> DATA SECTION
▼

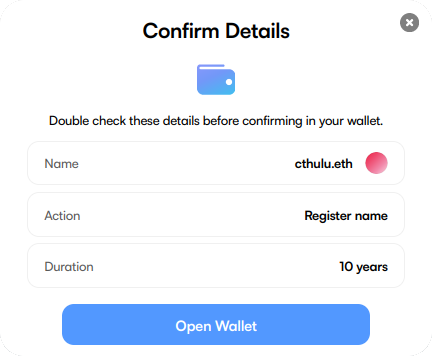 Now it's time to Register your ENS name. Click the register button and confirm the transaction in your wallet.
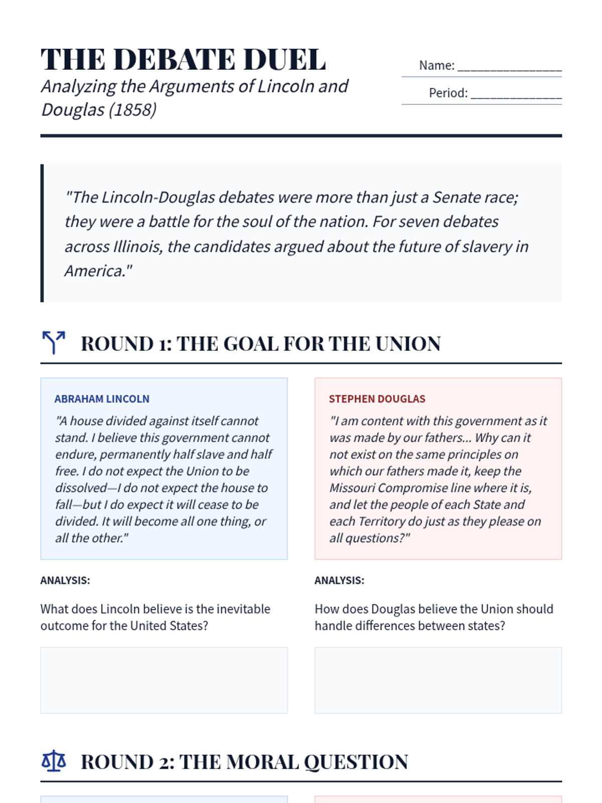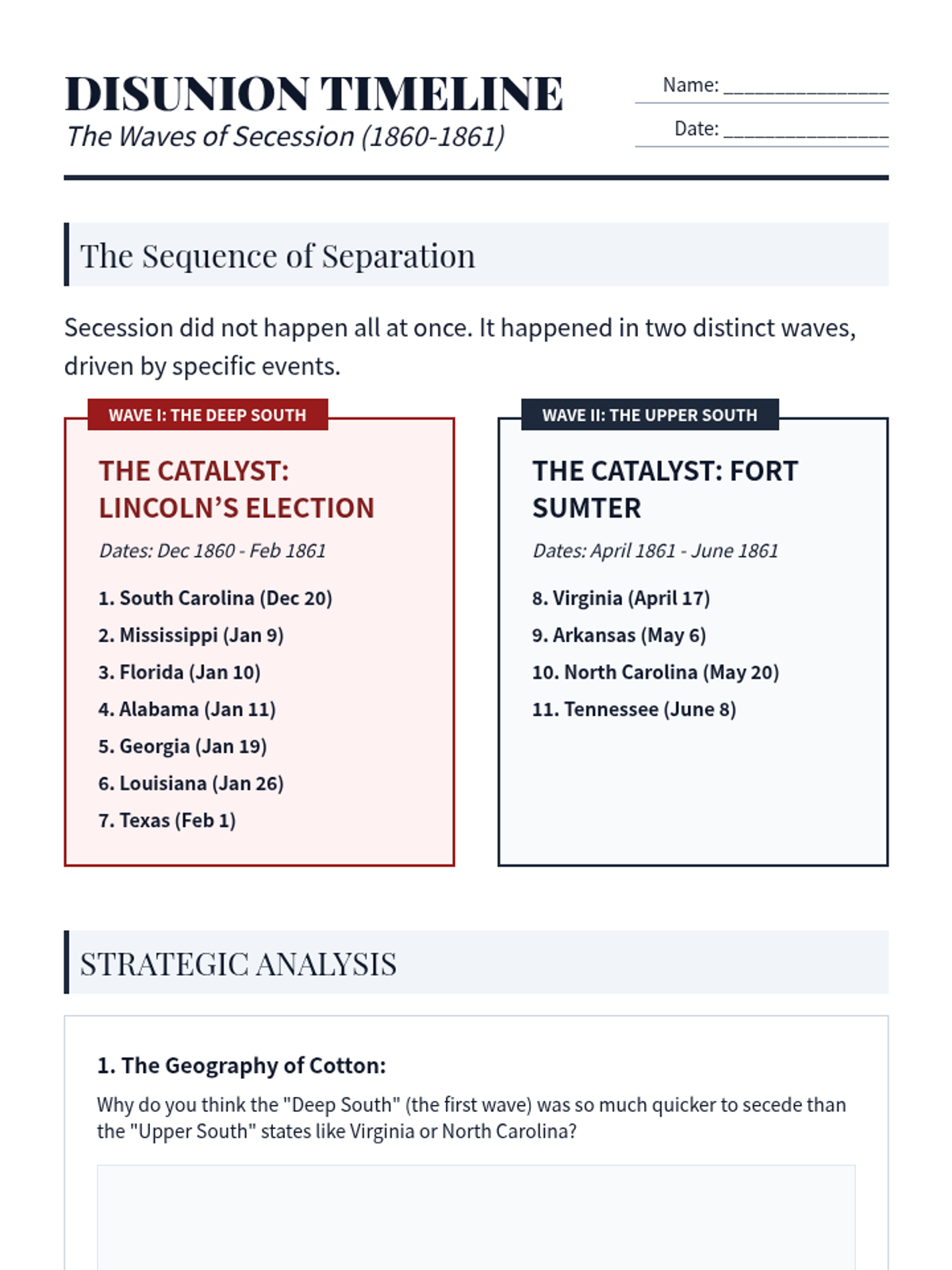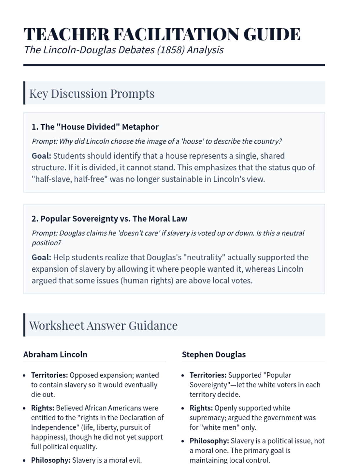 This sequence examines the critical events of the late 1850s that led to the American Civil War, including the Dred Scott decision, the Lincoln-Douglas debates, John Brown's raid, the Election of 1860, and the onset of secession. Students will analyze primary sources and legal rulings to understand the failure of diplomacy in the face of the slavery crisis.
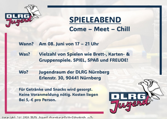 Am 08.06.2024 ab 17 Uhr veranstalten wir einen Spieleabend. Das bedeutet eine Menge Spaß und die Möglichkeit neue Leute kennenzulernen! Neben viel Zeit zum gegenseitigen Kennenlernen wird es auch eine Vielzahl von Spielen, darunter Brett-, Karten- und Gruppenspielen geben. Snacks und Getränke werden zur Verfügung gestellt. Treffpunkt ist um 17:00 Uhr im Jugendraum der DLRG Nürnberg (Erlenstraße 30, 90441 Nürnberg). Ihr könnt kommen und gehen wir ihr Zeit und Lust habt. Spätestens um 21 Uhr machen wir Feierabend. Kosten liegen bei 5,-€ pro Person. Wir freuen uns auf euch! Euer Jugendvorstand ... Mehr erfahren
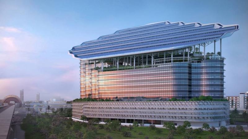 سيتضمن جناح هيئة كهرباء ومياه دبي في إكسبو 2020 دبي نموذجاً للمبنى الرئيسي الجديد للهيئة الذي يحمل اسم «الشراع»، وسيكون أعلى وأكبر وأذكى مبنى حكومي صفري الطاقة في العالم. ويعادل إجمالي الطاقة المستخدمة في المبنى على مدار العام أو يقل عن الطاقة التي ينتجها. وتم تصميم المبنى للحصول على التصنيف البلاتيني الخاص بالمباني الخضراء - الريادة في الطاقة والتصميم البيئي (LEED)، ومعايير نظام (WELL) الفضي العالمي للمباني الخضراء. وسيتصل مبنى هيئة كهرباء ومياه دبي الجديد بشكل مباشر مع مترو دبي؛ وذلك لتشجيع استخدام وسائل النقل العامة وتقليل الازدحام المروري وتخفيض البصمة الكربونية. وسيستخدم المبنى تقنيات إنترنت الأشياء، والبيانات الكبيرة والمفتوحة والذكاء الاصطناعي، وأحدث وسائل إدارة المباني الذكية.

▲

> WORK TO BE COMPLETED
Give the listing above again in its entirety, exactly as written and free of images.

> SOLVED EXERCISE
 Now it's time to Register your ENS name. Click the register button and confirm the transaction in your wallet.
 This sequence examines the critical events of the late 1850s that led to the American Civil War, including the Dred Scott decision, the Lincoln-Douglas debates, John Brown's raid, the Election of 1860, and the onset of secession. Students will analyze primary sources and legal rulings to understand the failure of diplomacy in the face of the slavery crisis.
 Am 08.06.2024 ab 17 Uhr veranstalten wir einen Spieleabend. Das bedeutet eine Menge Spaß und die Möglichkeit neue Leute kennenzulernen! Neben viel Zeit zum gegenseitigen Kennenlernen wird es auch eine Vielzahl von Spielen, darunter Brett-, Karten- und Gruppenspielen geben. Snacks und Getränke werden zur Verfügung gestellt. Treffpunkt ist um 17:00 Uhr im Jugendraum der DLRG Nürnberg (Erlenstraße 30, 90441 Nürnberg). Ihr könnt kommen und gehen wir ihr Zeit und Lust habt. Spätestens um 21 Uhr machen wir Feierabend. Kosten liegen bei 5,-€ pro Person. Wir freuen uns auf euch! Euer Jugendvorstand ... Mehr erfahren
 سيتضمن جناح هيئة كهرباء ومياه دبي في إكسبو 2020 دبي نموذجاً للمبنى الرئيسي الجديد للهيئة الذي يحمل اسم «الشراع»، وسيكون أعلى وأكبر وأذكى مبنى حكومي صفري الطاقة في العالم. ويعادل إجمالي الطاقة المستخدمة في المبنى على مدار العام أو يقل عن الطاقة التي ينتجها. وتم تصميم المبنى للحصول على التصنيف البلاتيني الخاص بالمباني الخضراء - الريادة في الطاقة والتصميم البيئي (LEED)، ومعايير نظام (WELL) الفضي العالمي للمباني الخضراء. وسيتصل مبنى هيئة كهرباء ومياه دبي الجديد بشكل مباشر مع مترو دبي؛ وذلك لتشجيع استخدام وسائل النقل العامة وتقليل الازدحام المروري وتخفيض البصمة الكربونية. وسيستخدم المبنى تقنيات إنترنت الأشياء، والبيانات الكبيرة والمفتوحة والذكاء الاصطناعي، وأحدث وسائل إدارة المباني الذكية.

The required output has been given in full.